(Records contained in a dataset)
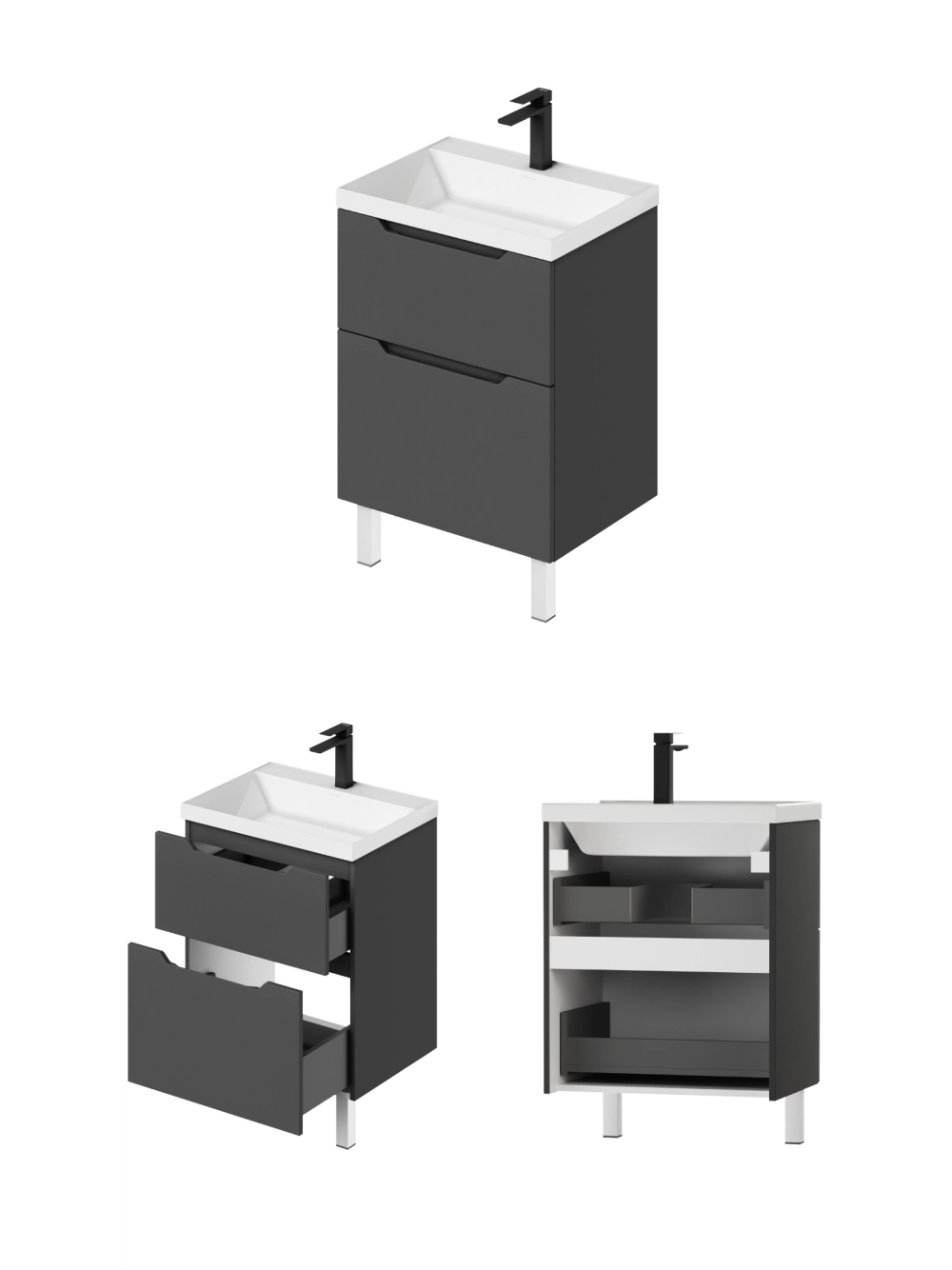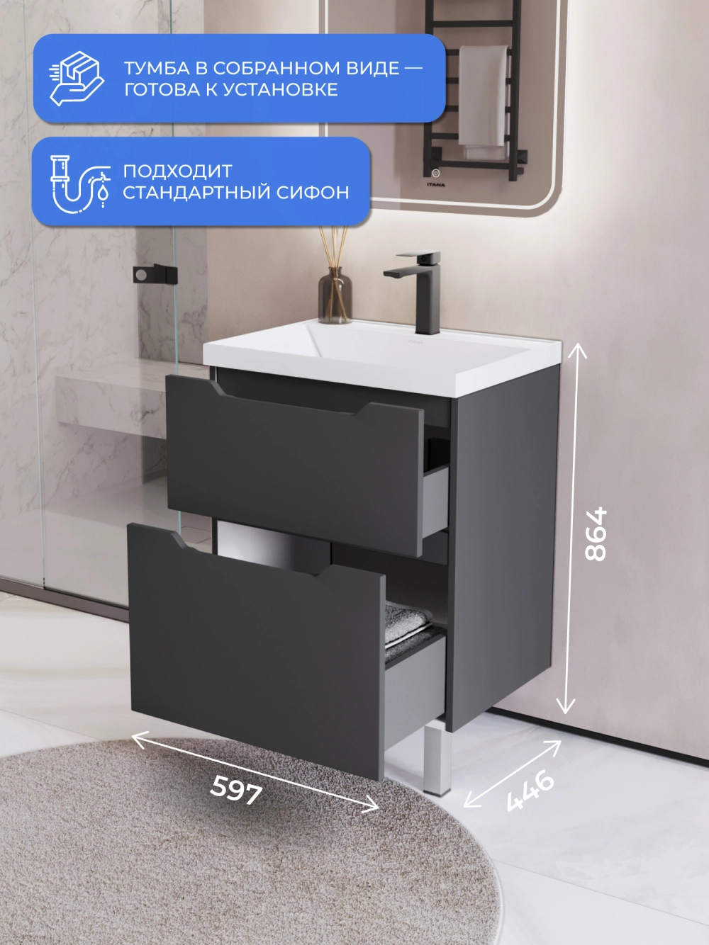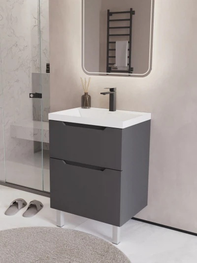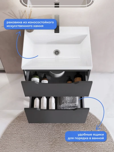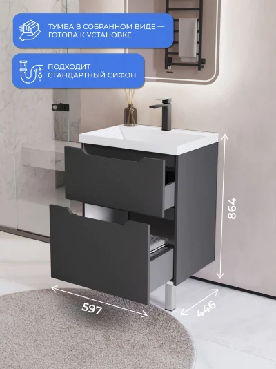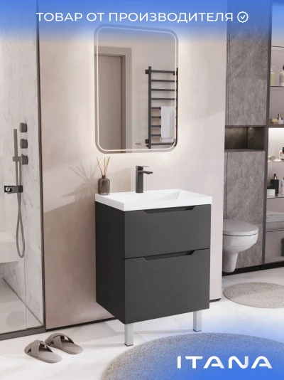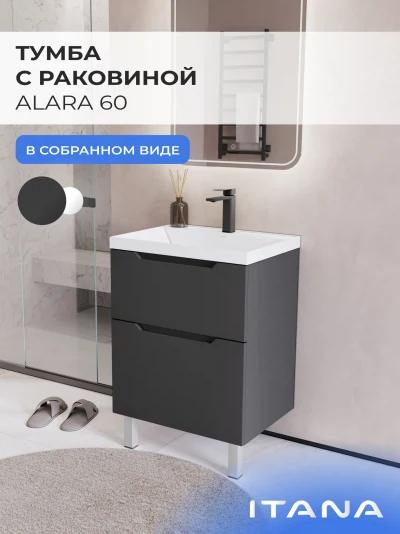 Тумба с раковиной напольная Итана Alara 60 с выдвижными ящиками Графит
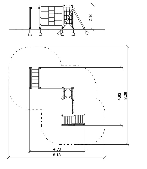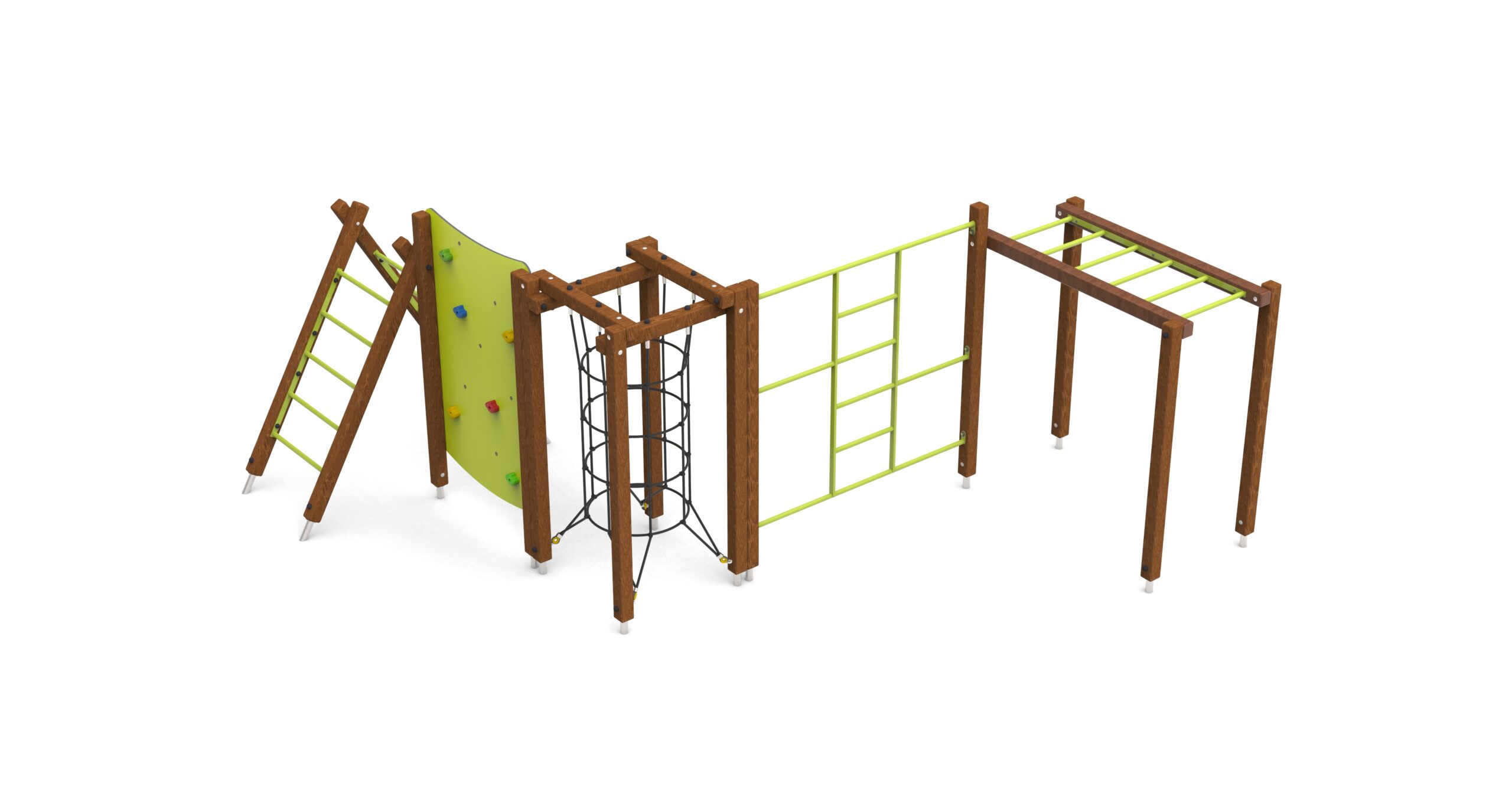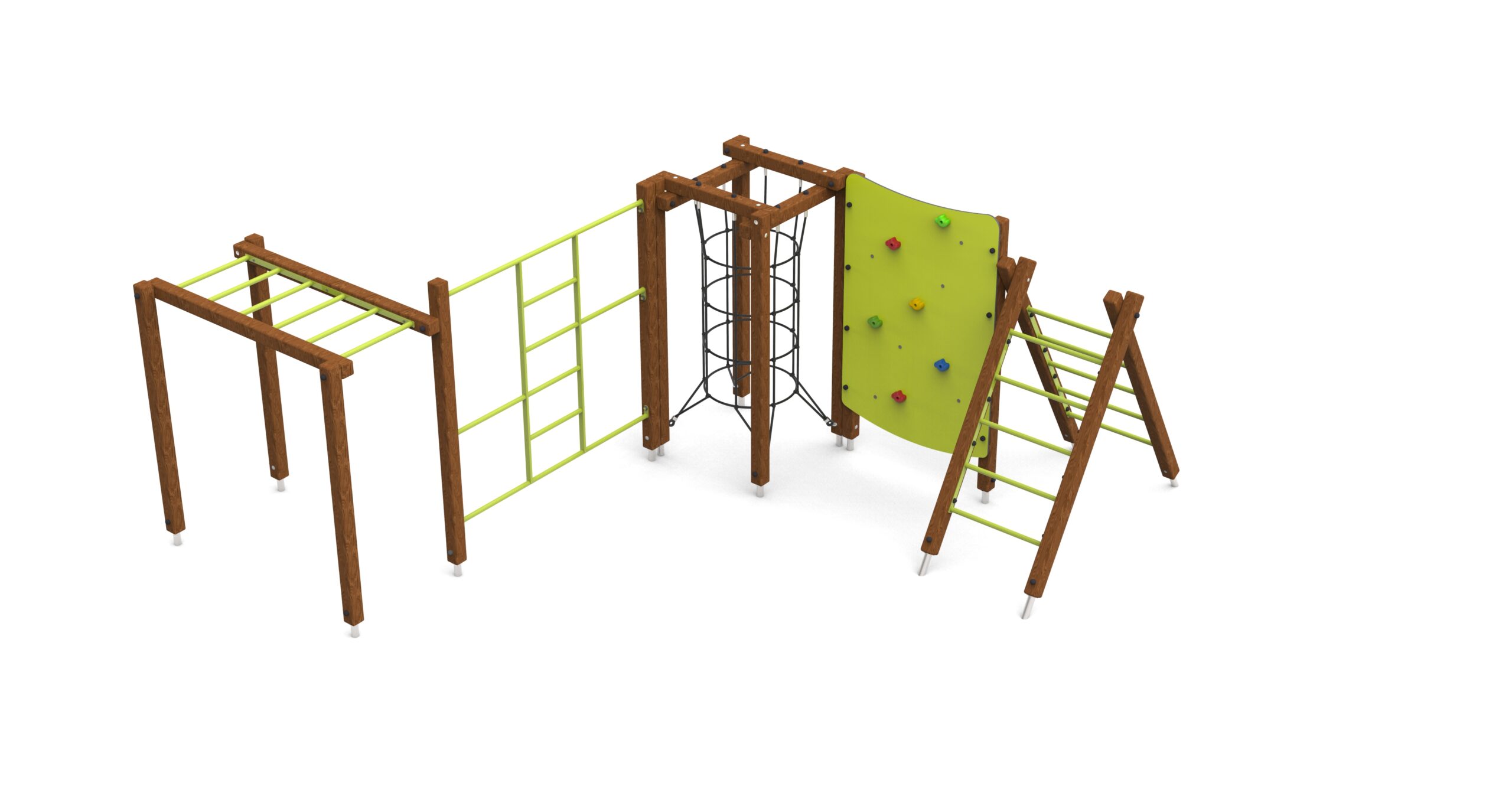 Urządzenie sprawnościowe, na drewnianych słupach o przekroju kwadratowym. Podesty pokryte powłoką antypoślizgową.
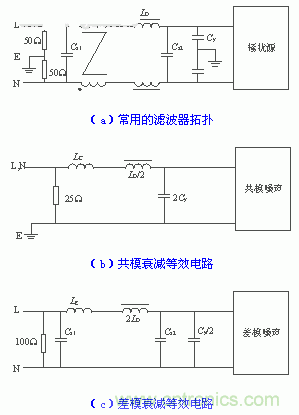 以常用的濾波器拓撲〔圖2(a)〕為例,分別對共模、差模噪聲濾波器等效電路進行分析。圖2(b)及圖2(c)分別代表濾波器共模衰減和差模衰減等效電路。分析電路可知,Cx1和Cx2只在抑制差模噪聲,理想的共模扼流電感LC只在抑制共模噪聲。但是,由于實際的LC繞制的不對稱,在兩組LC之間存在有漏感Lg也可在抑制差模噪聲。Cy即可抑制共模干擾、又可抑制差模噪聲,只是由于差模抑制電容Cx2遠大于Cy,Cy對差模抑制可忽略不計。同樣,LD既可抑制共模干擾、又可抑制差模干擾,但LD遠小于LC,因而對共模噪聲抑制作用也相對很小。
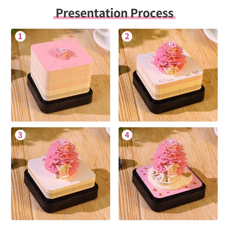 MACTANO 3D Art Calendar Memo Pad 2026, Creative Time Piece Calendar Sakura Tree Rip Away Paper Carving Sticky DIY Note Pink
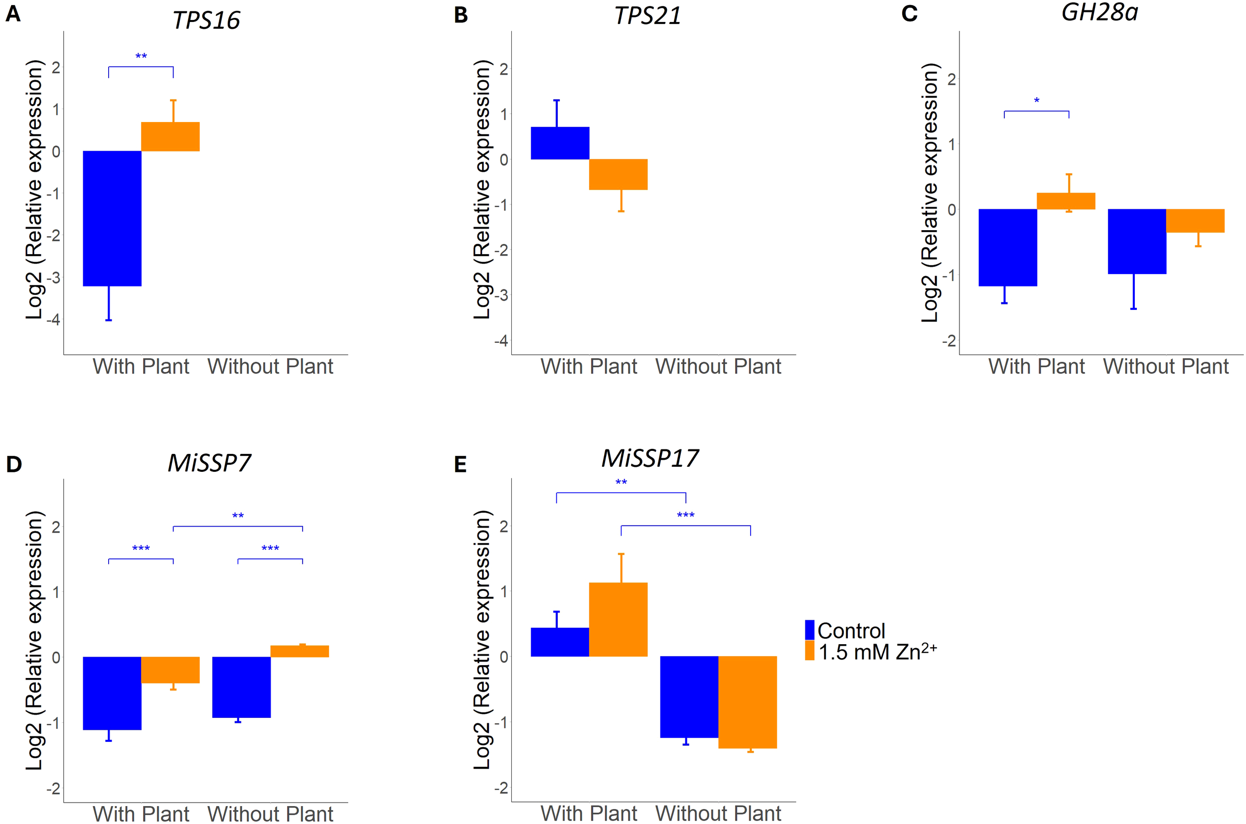 Expression of GH28a, a CAZyme expressed by L. bicolor throughout symbiosis development, was found to be significantly impacted by Zn exposure. This increase was only significant in the presence of a plant (Figure 2C) despite visibility of a similar trend in absence of the host. For MiSSP7 the increase in expression upon exposure to excess Zn was significant in both presence/absence of a host plant (Figure 2D). MiSSP17 expression, however, was not affected by excess Zn and only induced by the presence of a host plant (Figure 2E).

▸ **What is required**: Restate the lines of the records exactly, starting at the first and stopping after the line with "MACTANO 3D Art". Leave out any picture.

▸ **Final answer**:
 Тумба с раковиной напольная Итана Alara 60 с выдвижными ящиками Графит
 Urządzenie sprawnościowe, na drewnianych słupach o przekroju kwadratowym. Podesty pokryte powłoką antypoślizgową.
 以常用的濾波器拓撲〔圖2(a)〕為例,分別對共模、差模噪聲濾波器等效電路進行分析。圖2(b)及圖2(c)分別代表濾波器共模衰減和差模衰減等效電路。分析電路可知,Cx1和Cx2只在抑制差模噪聲,理想的共模扼流電感LC只在抑制共模噪聲。但是,由于實際的LC繞制的不對稱,在兩組LC之間存在有漏感Lg也可在抑制差模噪聲。Cy即可抑制共模干擾、又可抑制差模噪聲,只是由于差模抑制電容Cx2遠大于Cy,Cy對差模抑制可忽略不計。同樣,LD既可抑制共模干擾、又可抑制差模干擾,但LD遠小于LC,因而對共模噪聲抑制作用也相對很小。
 MACTANO 3D Art Calendar Memo Pad 2026, Creative Time Piece Calendar Sakura Tree Rip Away Paper Carving Sticky DIY Note Pink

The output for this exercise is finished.